Kinetta, 2005

Something of a hybrid between Tsai Ming-liang’s eccentric, temp morts snapshots of human idiosyncrasy crossed with the glacially paced visual abstraction of Sharunas Bartas (most notably, The Corridor and Few of Us) by way of Philippe Grandrieux’s murky, destabilized, and defocused gaze (in particular, Sombre), Yorgos Lanthimos creates a languid, elliptically fractured, and maddeningly opaque, yet strangely transfixing and, on rare occasion, even sublime meditation on ennui, desolation, and ritual in Kinetta.
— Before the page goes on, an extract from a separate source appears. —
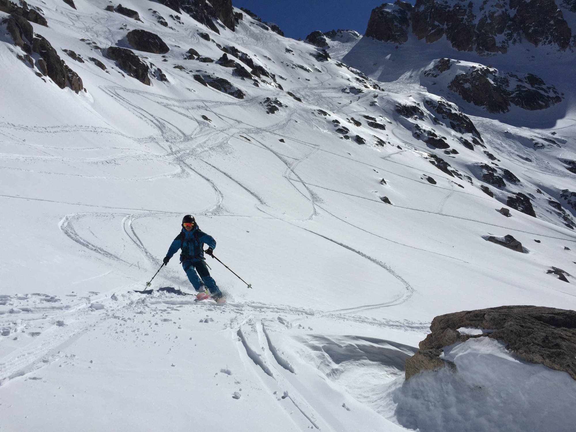 We have the entire day to go ski touring with a light pack, around the frozen “Laguna Toncek”, surrounded by granite towers. Slopes and chutes to choose according to snow and weather conditions. Lodging at Refugio Frey.

Ostensibly structured as a metafilm (a premise that echoes Tsai’s The River and The Wayward Cloud), the film follows the curious activities of a threadbare amateur film crew as they set out to re-enact episodes from recent murder cases for unspecified (and perhaps indeterminate) motives at a near empty, off-season seaside hotel: an emotionally troubled chambermaid who seems to be more consumed with deciphering the lives of the hotel guests by lingering in their vacated rooms and going through their toiletries and personal effects than in completing her tasks efficiently; a printing and photography reproduction shop worker who aspires to become a filmmaker even as he seems oblivious to practical notions of customer requirements and working deadlines; a plainclothes police officer who devotes more of his time transcribing the details of the murders for their re-enactment project than in the actual solving of the cases. Chronicling the film crew’s oppressive silence, introversion, and awkward interaction, Lanthimos captures the unarticulated despair behind their morbid obsession to create an incisive (if frustrating) exposition on loneliness, longing, and the human search for transitory connection.